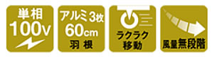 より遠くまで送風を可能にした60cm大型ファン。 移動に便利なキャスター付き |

####################

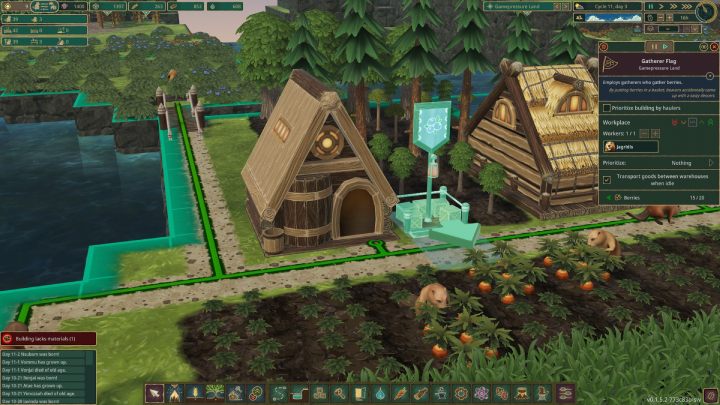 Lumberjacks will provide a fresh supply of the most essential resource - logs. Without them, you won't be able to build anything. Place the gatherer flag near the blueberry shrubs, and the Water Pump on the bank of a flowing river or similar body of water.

####################

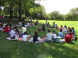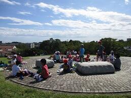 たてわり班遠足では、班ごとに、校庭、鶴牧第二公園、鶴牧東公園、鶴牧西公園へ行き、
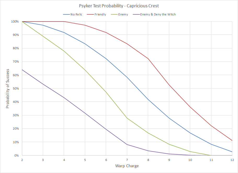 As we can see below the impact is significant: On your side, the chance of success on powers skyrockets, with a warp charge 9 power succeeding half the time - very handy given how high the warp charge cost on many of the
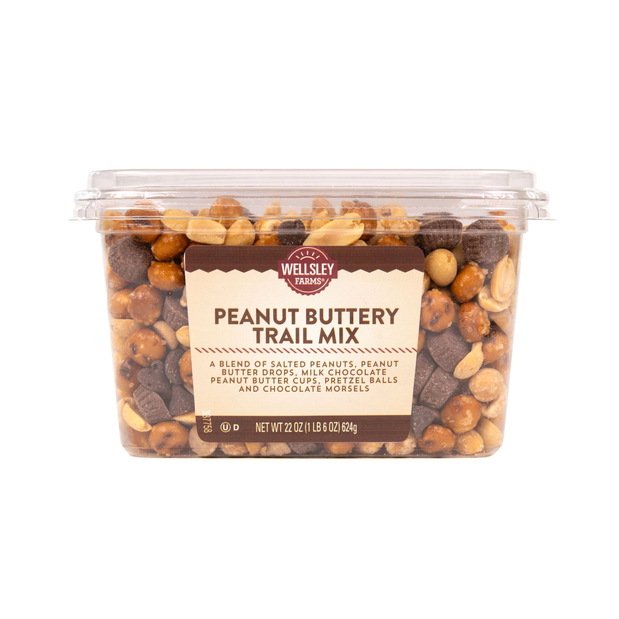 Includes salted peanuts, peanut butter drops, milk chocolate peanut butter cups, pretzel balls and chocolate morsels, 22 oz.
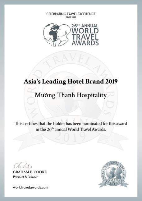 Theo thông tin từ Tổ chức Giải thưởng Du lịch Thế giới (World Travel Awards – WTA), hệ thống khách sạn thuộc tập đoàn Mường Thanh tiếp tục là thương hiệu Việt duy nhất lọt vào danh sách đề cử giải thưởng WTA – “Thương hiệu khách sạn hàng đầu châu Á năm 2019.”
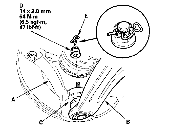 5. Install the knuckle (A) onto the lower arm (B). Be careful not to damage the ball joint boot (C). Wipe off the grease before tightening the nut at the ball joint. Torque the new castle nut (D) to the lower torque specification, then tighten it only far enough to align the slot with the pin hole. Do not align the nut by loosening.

####################

# Work order
Above are some records; quote exactly and only the lines that begin at the line containing "As we can see" and stop after the line containing "Theo thông tin", leaving out the pictures.

# Response
 As we can see below the impact is significant: On your side, the chance of success on powers skyrockets, with a warp charge 9 power succeeding half the time - very handy given how high the warp charge cost on many of the
 Includes salted peanuts, peanut butter drops, milk chocolate peanut butter cups, pretzel balls and chocolate morsels, 22 oz.
 Theo thông tin từ Tổ chức Giải thưởng Du lịch Thế giới (World Travel Awards – WTA), hệ thống khách sạn thuộc tập đoàn Mường Thanh tiếp tục là thương hiệu Việt duy nhất lọt vào danh sách đề cử giải thưởng WTA – “Thương hiệu khách sạn hàng đầu châu Á năm 2019.”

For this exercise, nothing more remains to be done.